When you see this message, you have lost logs. The other case that indicates log loss is when an input is paused, which is covered in the overlimit error section.

Tail Permission Errors

A common error message for ECS FireLens users who are reading log files is the following:

[2022/03/16 19:05:06] [error] [input:tail:tail.5] read error, check permissions: /var/output/logs/service_log*

This error will happen in many cases on startup when you use the tail input. If you are running Fluent Bit under FireLens, then remember that it alters the container ordering so that the Fluent Bit container starts first. This means that if it is supposed to scan a file path for logs on a volume mounted from another container- at startup the path might not exist.

This error is recoverable and Fluent Bit will keep retrying to scan the path.

There are two cases which might apply to you if you experience this error:

  1. You need to fix your task definition: If you do not add a volume mount between the app container and FireLens container for your logs files, Fluent Bit can't find them and you'll get this error repeatedly.
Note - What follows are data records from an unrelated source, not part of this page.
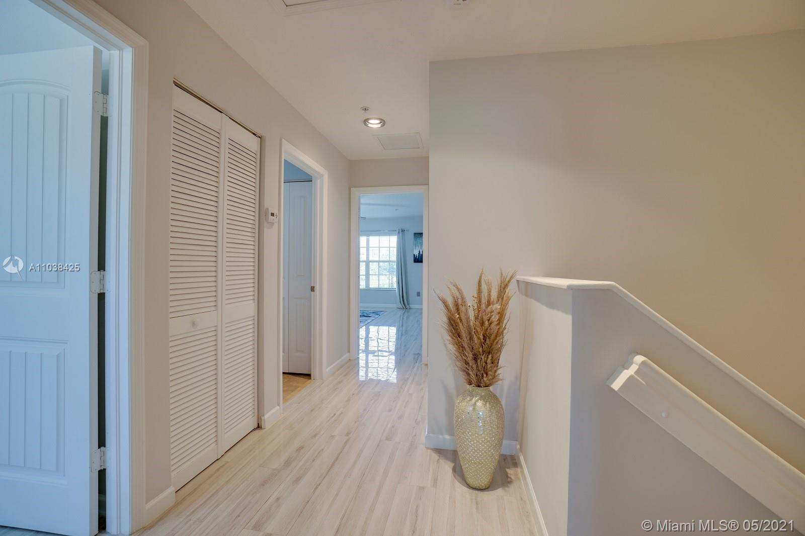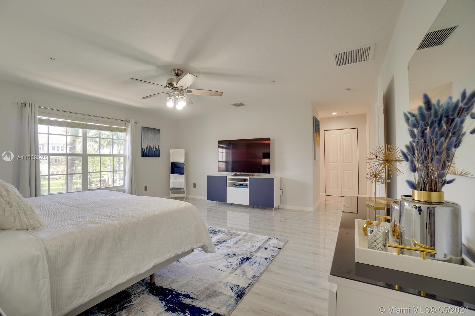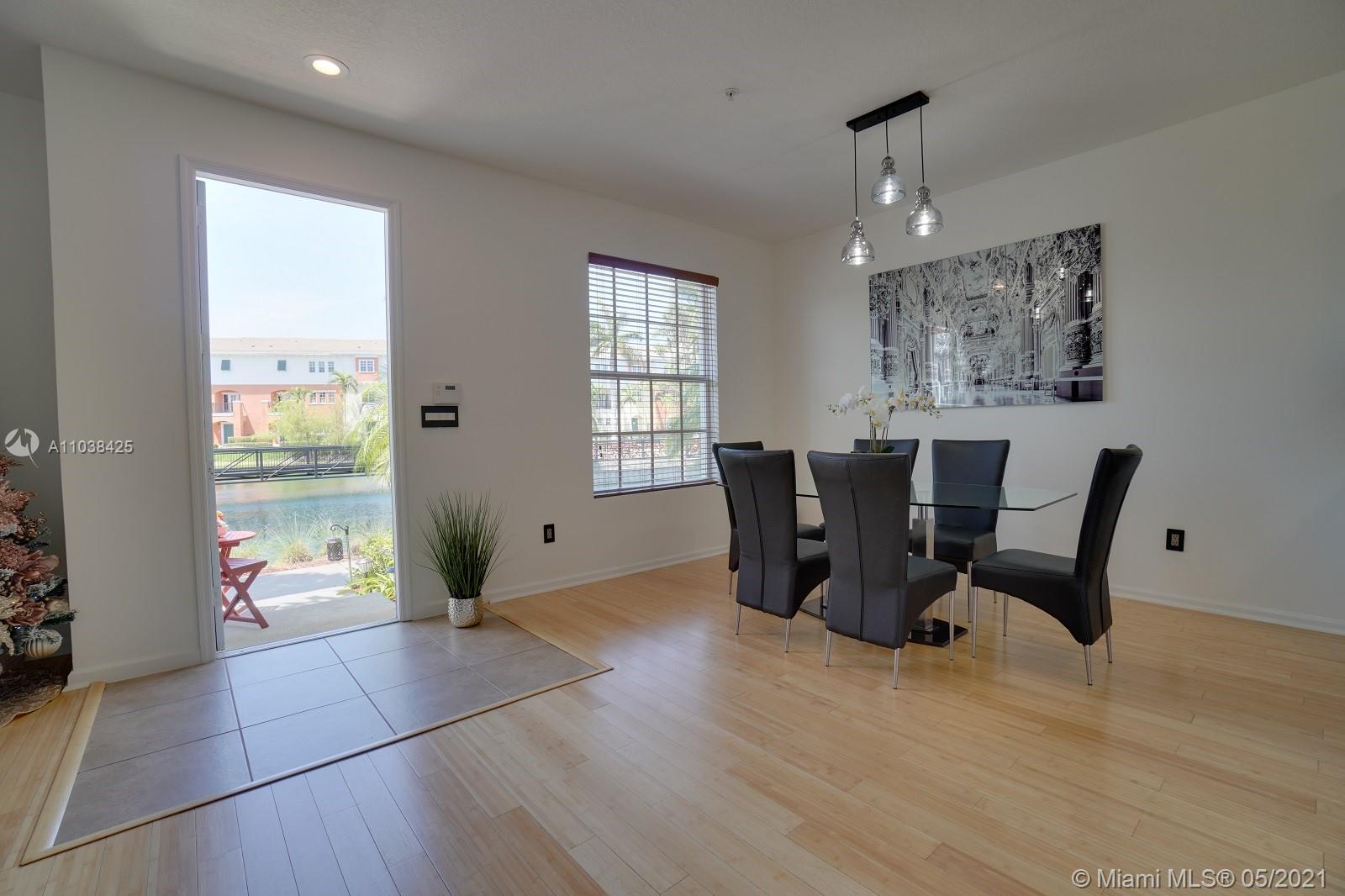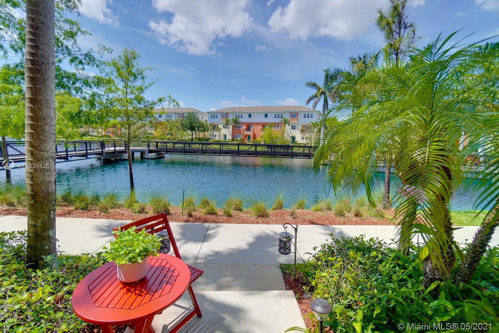 Luxury corner unit townhome with stunning water views. Watch the video! Over 2000 sqft of open and modern living space. Numerous impact windows. The open floor plan features a white kitchen with under cabinet lighting, stainless steel appliances, and granite countertops. Second floor has been tiled all throughout with gorgeous wood plank style tile. Unbelievable large master bedroom portrays dazzling water views. Master bathroom has been exquisitely remodeled with dual sinks, black marble countertops, walk in shower and rain head shower system, large tub, and beautiful Spanish style flooring. Two additional bedrooms. This townhome definitely feels like a two story single family home. Original outdoor AC unit was replaced with bigger unit to provide for better efficiency. Won't last!
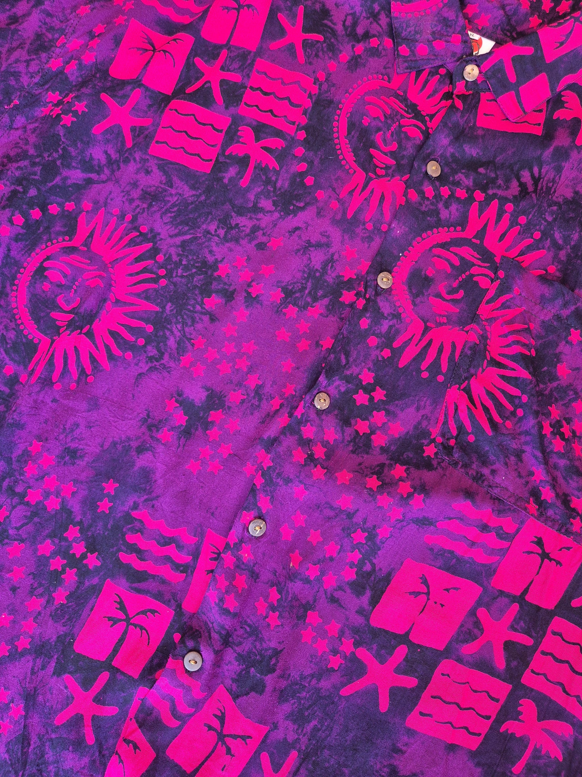 Featuring a vivid hot pink island-inspired print on a deep purple-black marbled base, this shirt is giving full-on 90s rave meets beach vacation energy.
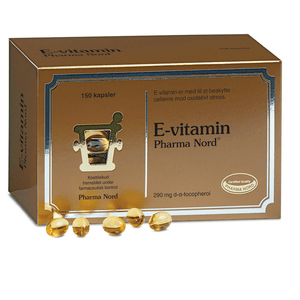 Pharma Nord Bio-E-Vitamin med naturligt d-a-tocopherol i en mængde svarende til 290 mg E-vitamin Bio-E-Vitamin fra Pharma Nord er et stærkt vitaminpræparat til forebyggelse og behandling af mangel på E-vitamin. Vitaminpræparatet består af klare, bløde gel
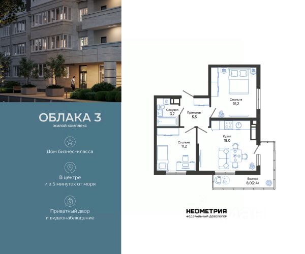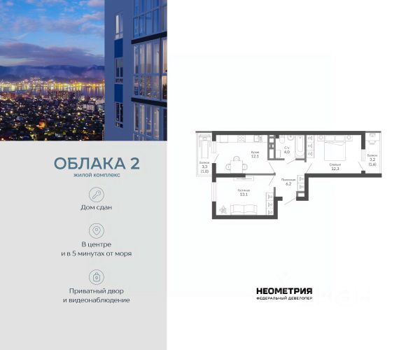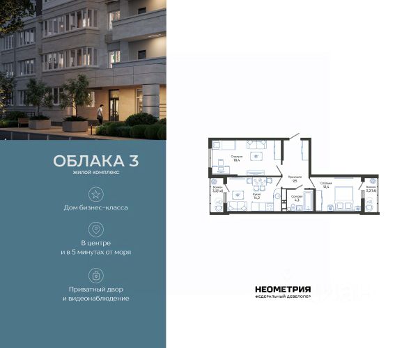 Проект включает в себя 2 дома высотой 23-24 этажа. В подъездах выполнена дизайнерская отделка в светлой цветовой гамме, для удобства жителей в местах общего пользования предусмотрена навигация. В каждой секции предусмотрены помещения для хранения велосипедов и колясок с обустроенным местом для мойки колес и лап домашних животных. Покупателям в ЖК предложено множество планировочных решений: в наличии квартиры, как классического типа, так и европланировки. На балконах и лоджиях выполнено витражное остекление. Из окон открывается шикарный вид на город и море. Квартиры сдаются без отделки. Двор комплекса закрыт от автомобилей и случайных прохожих. Для автовладельцев предусмотрен двухуровневый подземный паркинг на 650 мест. По всему периметру двора размещены видеокамеры. Внутренний двор благоустроен: предусмотрены пешеходные дорожки, скамейки и деревянные мини-беседки с розетками. Также спроектированы детские игровые площадки, уличные тренажеры и спортивная площадка для командных игр. ЖК расположен в южной части Новороссийска, на пересечении Мысхакского шоссе и улицы Куникова. Инфраструктура района развита: в пешей доступности детские сады, школы, аптеки и поликлиники, магазины и парки. Купить 2-комнатную квартиру 2-комнатных квартир в Облака в Новороссийске.
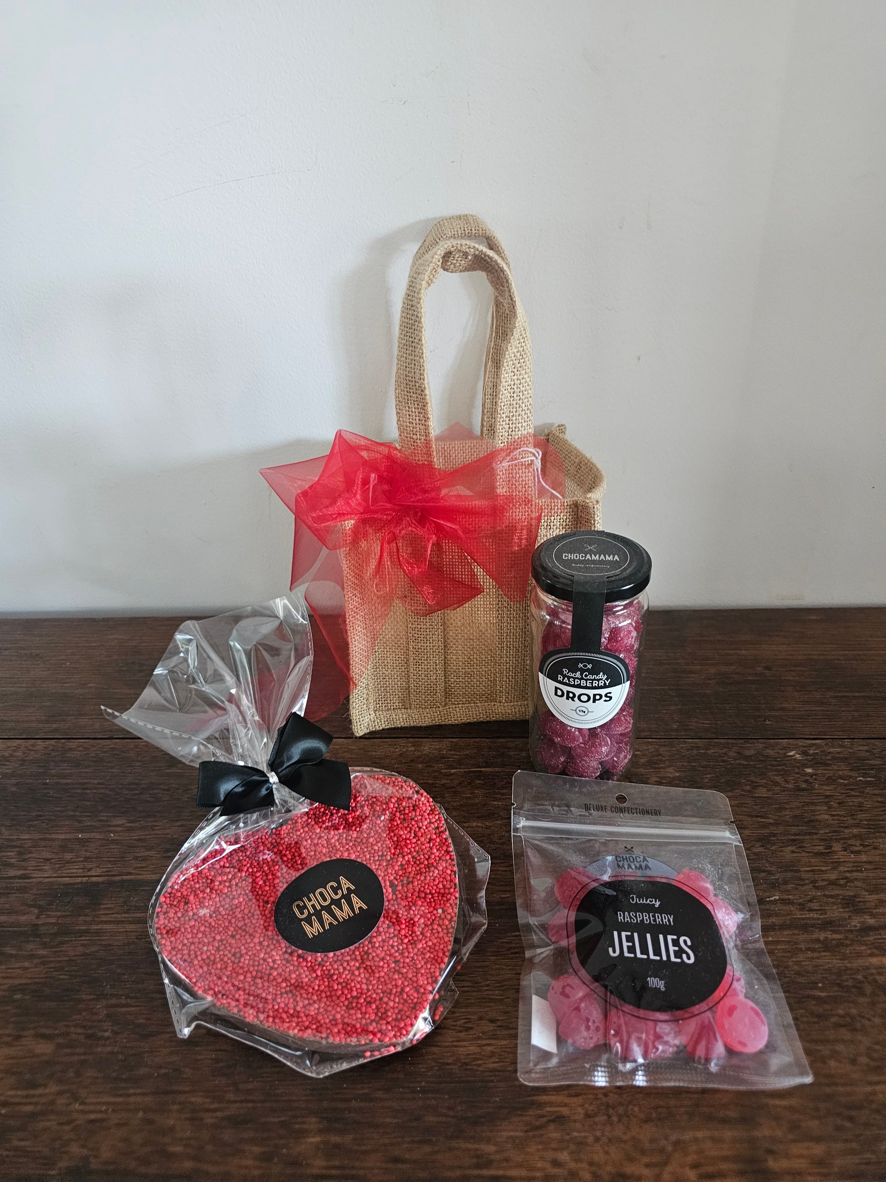 Discover pure indulgence with our luxurious Raspberries gift selection. Choose from two stunning options featuring raspberry jellies, chocolate-covered raspberries, a decadent chocolate freckle heart, and playful lollies—all nestled in an elegant gift bag. Whether you're celebrating love, friendship, or simply treating yourself, this curated collection combines fruity freshness with rich chocolate decadence. A truly memorable gift that speaks to refined taste and thoughtful generosity.
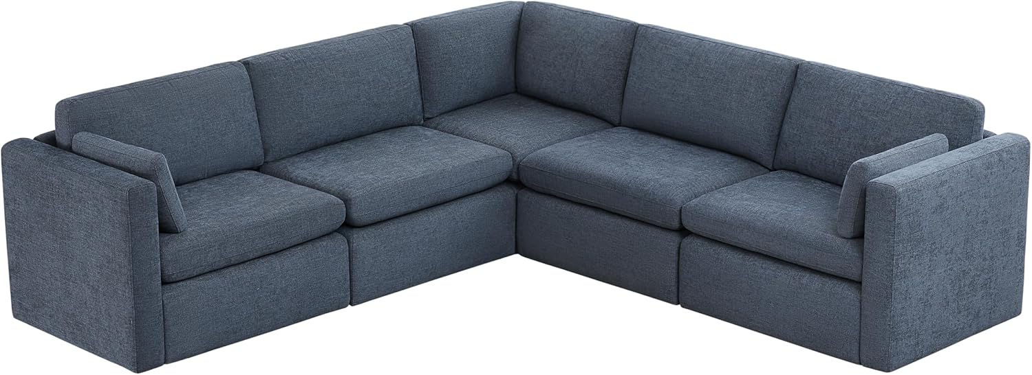 CHITA Oversized Modular Sectional Fabric Sofa Set, FSC Certified Extra Large 5 Seat V Shaped Cloud Couch for Living Room, 106 inch Width, 4 Seater and 1 Middle Corner, Blue
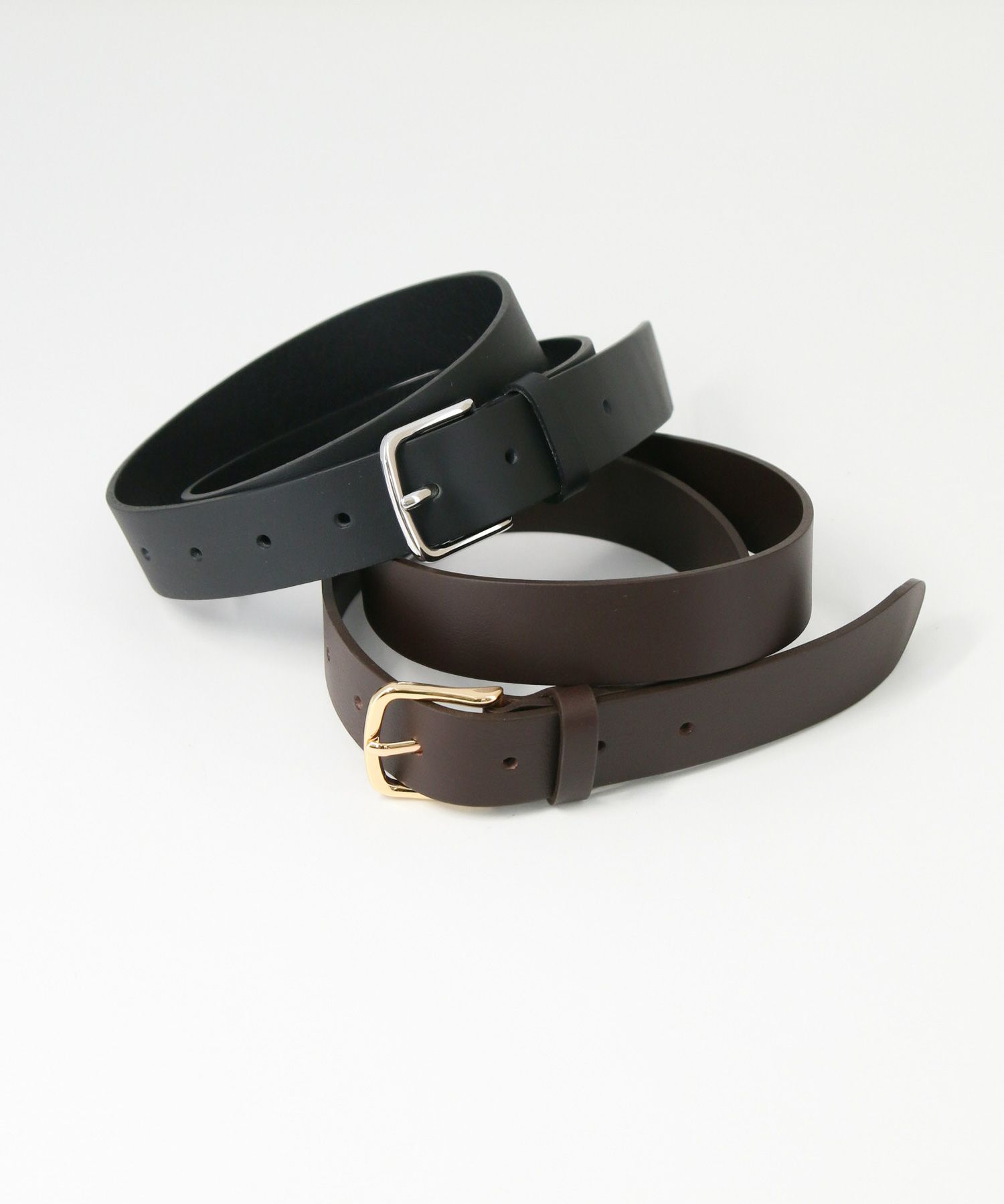 ブラックにはシルバー、ブラウンにはゴールドのバックルでスタイリングのアクセントに。

  2. This is normal, ignore the error: If you did set up the volume mount correctly, you will still always get this on startup. This is because ECS will start the FireLens container first, and so that path won't exist until the app container starts up, which is after FireLens. Thus it will always complain about not finding the path on startup. This can either be safely ignored or fixed by creating the full directory path for the log files in your Dockerfile so that it exists before any log files are written. The error will only happen on startup and once the log files exist, Fluent Bit will pick them up and begin reading them.

Overlimit warnings

Fluent Bit has storage and memory buffer configuration settings.

When the storage is full the inputs will be paused and you will get warnings like the following:

[input] tail.1 paused (mem buf overlimit)
[input] tail.1 paused (storage buf overlimit
[input] tail.1 resume (mem buf overlimit)
[input] tail.1 resume (storage buf overlimit

Search for "overlimit" in the Fluent Bit logs to find the paused and resume messages about storage limits. These can be found in the code in flb_input_chunk.c.

invalid JSON message

Users who followed this tutorial or similar to send logs to the TCP input often see message like:

invalid JSON message, skipping

Or:

[debug] [input:tcp:tcp.0] JSON incomplete, waiting for more data...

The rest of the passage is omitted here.